An administrator must enable support for jobs with multiple tasks in the Databricks admin console.

API changes

The Jobs API now defines the TaskSettings data structure to capture settings for each task in a job. For multi-task format jobs, the tasks field, an array of TaskSettings data structures, is included in JobSettings. Some fields previously part of JobSettings, for example, cluster specifications, are now part of the task settings for multi-task format jobs. JobSettings is also updated to include the format field. The format field indicates the format of the job and is a STRING value set to SINGLE_TASK or MULTI_TASK.

You need to update your existing API clients for these changes to JobSettings for multi-task format jobs.

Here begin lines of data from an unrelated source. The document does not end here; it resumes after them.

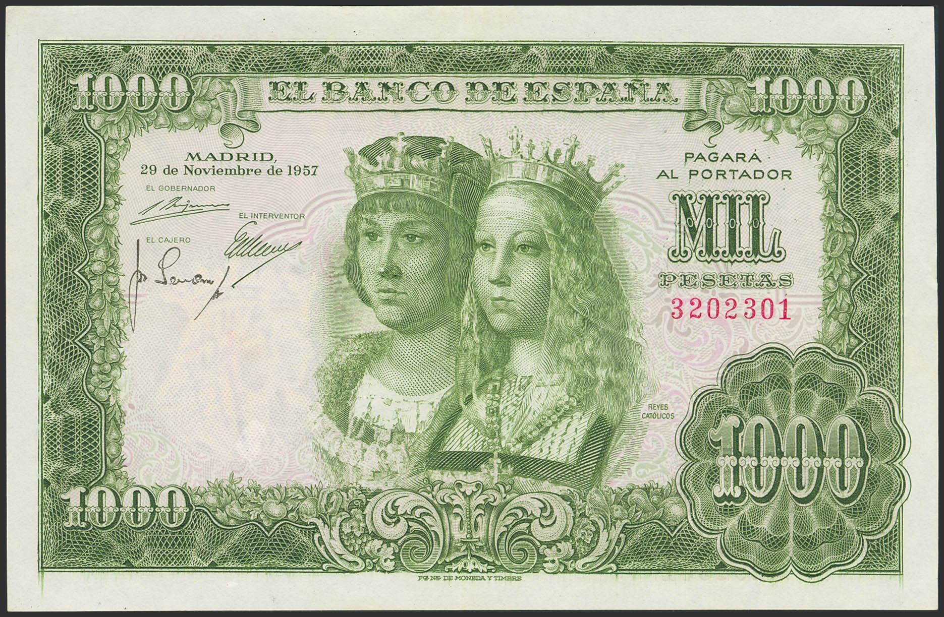 1000 Pesetas. 29 de Noviembre de 1957. Sin serie. (Edifil 2023: 469). Inusual. EBC.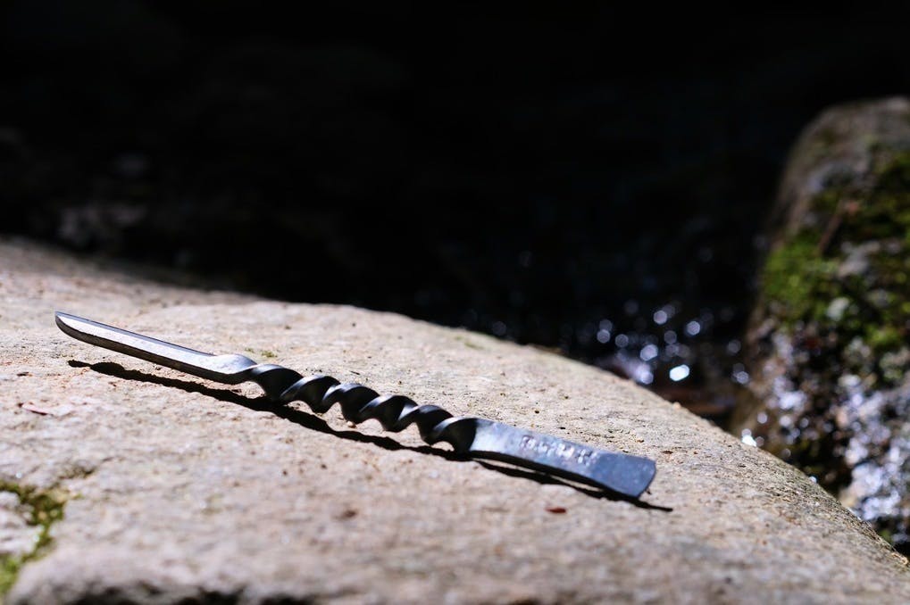 ナイフを手で持つ部分が特徴的で、ねじれ加工を施しており美観と握りやすさを両立させたハンドルとなっています。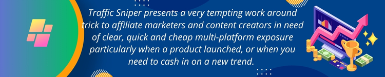 Traffic Sniper presents a very tempting work around trick to affiliate marketers and content creators in need of clear, quick and cheap multi-platform exposure particularly when a product launched, or when you need to cash in on a new trend. Its strategy concerning the content creation and establishment of power (through Wikipedia references) is new and beginner friendly.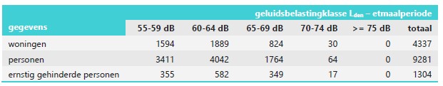 het aantal woningen met een geluidsbelasting groter dan 68 dB wordt verlaagd van 39 naar 20;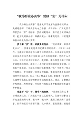 “我为群众办实事”要以“实”为导向“我为群众办实事”是党史学习教育的重要组成部分,是增进党群、干群关系的有力举措。在活动中,广大党员干部要坚持“实”字标准、坚持问题导向,真正把为民实事办实、把为民好事办好,奔着问题去、朝着隐患改,以真情实感换来群众的真心实意。要了解“实”情,掌握真实情况。“没有调查,就没有发言权”。实事求是是我们党最鲜明的特征。上世纪30年代,为摸清中国农村和小城市的经济状况,毛泽东同志从实际出发在寻乌开展了为期20多天的实地调查。党的十八大以来,习近平总书记访农户、摸穷根,最大程度了解了中国贫困地域的现状,提出了一系列针对性极强的扶贫举措。对党员干部来讲,不论在任何时候都...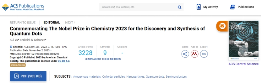 余睽教授应2022年诺贝尔化学奖“点击化学和生物正交化学”获得者Carolyn R. Bertozzi邀请,和Kirk S. Schanze教授(ACS Appl. Mater. Interfaces主编)于2023年在美国化学会期刊ACS CentralScience上发表专文“Commemorating The Nobel Prize in Chemistry2023 for the Discovery and Synthesis ofQuantum Dots”,介绍2023年诺贝尔化学奖量子点的发现和合成(ACS Cent. Sci.2023,9, 1989−1992)。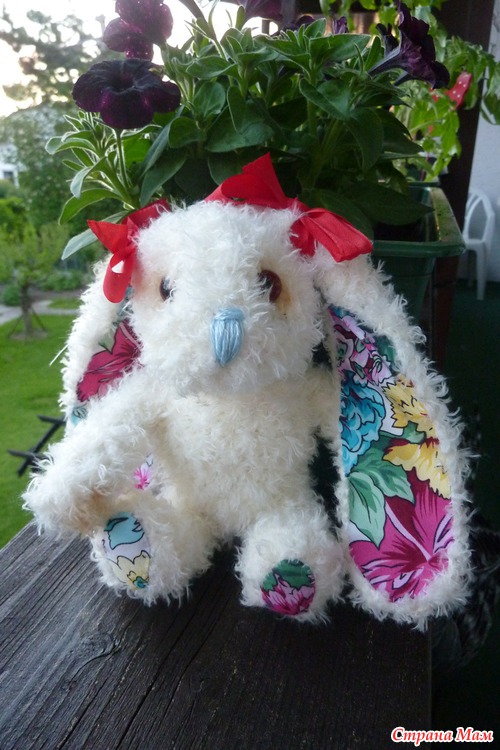 наконец то я ее довязала... в общей сложности управиться с вязанием заиньки можно за день... но мне понадобилось намного больше... уж больно нитки оказались "не видимыми"... и потом долго возилась с платьем... и все равно получилось не совсем так как хотелось... и с мордочкой , вроде пыталась сформировать как надо - но не совсем получилось.. хотя когда смотрю на нее - понимаю что получилась наверно близко к реальным зайцам мордочка... не игрушечная
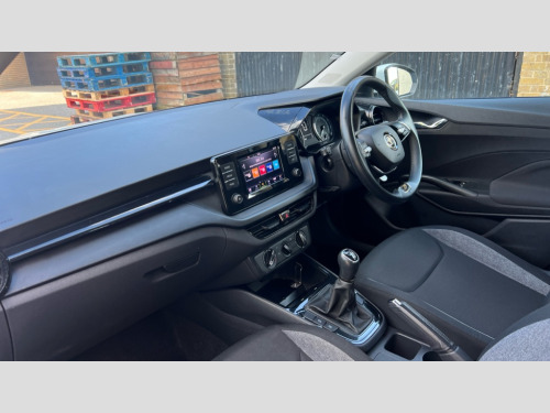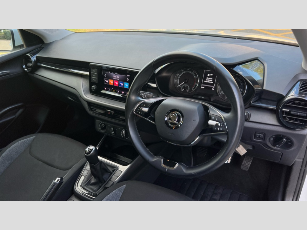 Skoda Fabia 1.0 MPI 80 SE Comfort 5dr Bluetooth connection, Driver alert system - DAS, Electromechanical power steering, Exterior temperature gauge, Lane assist including road edge detection, Multifunction trip computer in black and white, Service interval indicator, SmartLink, Speed limiter, 2x USB-C in the front (for data transmission and charging), 4 speakers in front, Auxiliary socket for external MP3 player, DAB digital radio reception, Radio Swing with 6.5" colour display, Basic LED Headlights, Basic rear lights, Body colour door mirrors, Body coloured bumpers, Dimming rear view mirror with black frame, Door mirror integrated indicators, Electrically adjustable and heated door mirrors, Electrically adjustable front windows with function auto up/down, Front fog lights, Front window wiper intermittent control, Headlight range control - Automatic, Ice scraper in fuel cap, LED daytime running lights with coming and leaving home feature, Mechanical adjustable rear windows, Rain sensor, Rear LED fog light, Rear side wing doors, Rear window wiper with washing nozzles, Roof mounted spoiler, SKODA tailgate lettering in chrome, Third brake light, 2 reading lights in front and 2 reading lights in rear, 2 spoke leather multifunction steering wheel, 3 rear headrests, Backrest split and folding, Central console with fixed cup holder and storage box, Chrome handbrake release button, Fabric upholstery, Gearshift knob/handle in leather, Grain satin black interior door handles, Hand brake lever handle in leather, Height adjustable front headrests, Height adjustable front seats, Height adjustable steering wheel, ISOFIX and TopTether anchorage points to the outer rear seats, ISOFIX and TopTether on the front passenger seat, Luggage compartment lighting, Manual air conditioning, Manually adjustable lumbar support in front seats, Pollen filter, Rear seat bench unsplit, Single front passenger seat, Storm grey headlining, Sun visors with mirror and airbag label on passenger side, Ticket holder, 3-point height adjustable front seats belts with pretensioner and force limiter, Automatic warning lights in case of crash, Driver and passengers airbag with switch off function, e-Call+, ESC including ABS, MSR, ASR, EDS, HBA and XDS, Front and rear seat belt warning, FRONT ASSIST (AEB City and AEB Inter Urban), Front side airbags, Head airbags, One tone horn, Pedestrian protection, Three rear 3-points safety seat belts with pretensioner and force limiter including stop function for outer rear seat belts, Tyre pressure monitoring system, Anti-theft alarm system including immobiliser, interior monitoring, backup horn, and towing protection, Central locking with radio remote control, interior controls, SAFE function and 2 foldable keys, Black painted air vents, Glossy black decorative trim, Grain satin black central console cover, Grain satin black lower decorative trim, Satin black door and side trim panel in front, Anti-theft wheel bolts protection, Super-low rolling resistance tyres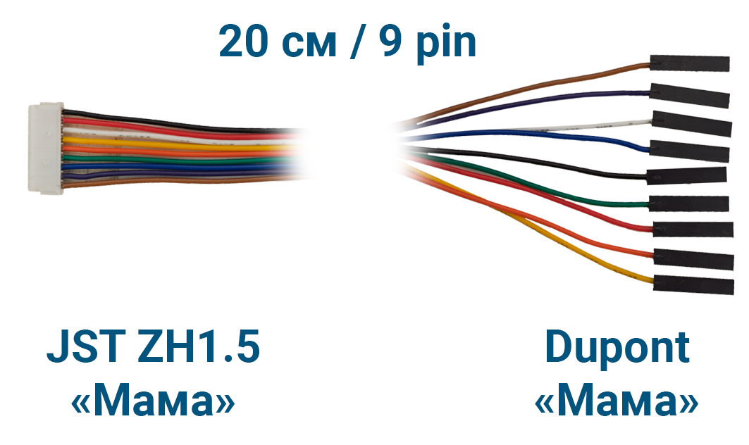 - Модель: Шлейф JST ZH1.5 «Мама» – Dupont «Мама» (9 pin, 20 см)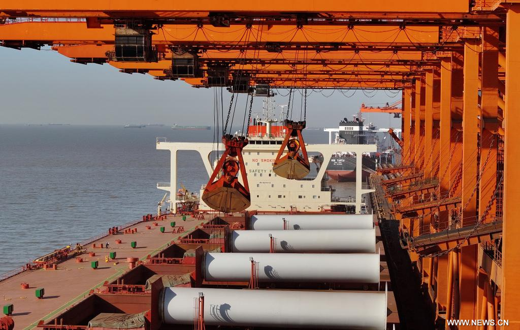 شيجياتشوانغ 29 يناير 2024 (شينخوا) في الصورة الملتقطة يوم 28 يناير 2024، جانب من رصيف المعادن الخام في منطقة تساوفيديان المينائية بميناء تانغشان في مقاطعة خبي بشمالي الصين، حيث سجلت المقاطعة مستوى عالياً جديداً بـ1.36 مليار طن من حجم شحن وتفريغ البضائع عام 2023.
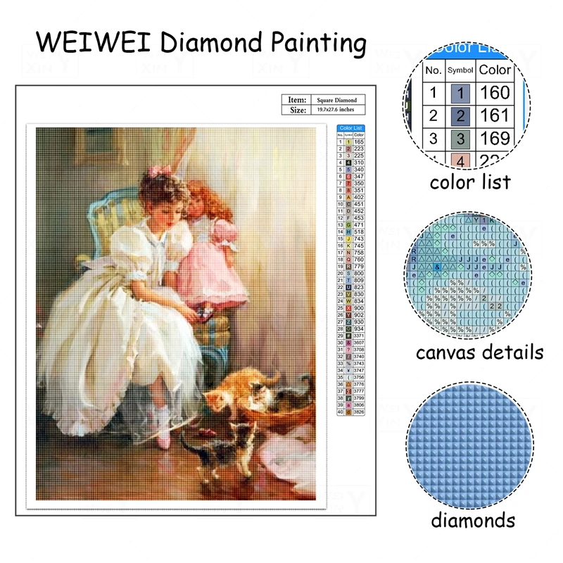 WEIWEI полноразмерная алмазная живопись мультяшная кукла 5D картина...

See the API client guide for more information on required changes.

An example JSON document representing a multi-task format job:

{
  "job_id": 53,
  "settings": {
    "name": "A job with multiple tasks",
    "email_notifications": {},
    "timeout_seconds": 0,
    "max_concurrent_runs": 1,
    "tasks": [
      {
        "task_key": "clean_data",
        "description": "Clean and prepare the data",
        "notebook_task": {
          "notebook_path": "/Users/user@databricks.com/clean-data"
        },
        "existing_cluster_id": "1201-my-cluster",
        "max_retries": 3,
        "min_retry_interval_millis": 0,
        "retry_on_timeout": true,
        "timeout_seconds": 3600,
        "email_notifications": {}
      },
      {
        "task_key": "analyze_data",
        "description": "Perform an analysis of the data",
        "notebook_task": {
          "notebook_path": "/Users/user@databricks.com/analyze-data"
        },
        "depends_on": [
          {
            "task_key": "clean_data"
          }
        ],
        "existing_cluster_id": "1201-my-cluster",
        "max_retries": 3,
        "min_retry_interval_millis": 0,
        "retry_on_timeout": true,
        "timeout_seconds": 3600,
        "email_notifications": {}
      }
    ],
    "format": "MULTI_TASK"
  },
  "created_time": 1625841911296,
  "creator_user_name": "user@databricks.com",
  "run_as_user_name": "user@databricks.com"
}

For single-task format jobs, the JobSettings data structure remains unchanged except for the addition of the format field. No TaskSettings array is included, and the task settings remain defined at the top level of the JobSettings data structure. You will not need to make changes to your existing API clients to process single-task format jobs.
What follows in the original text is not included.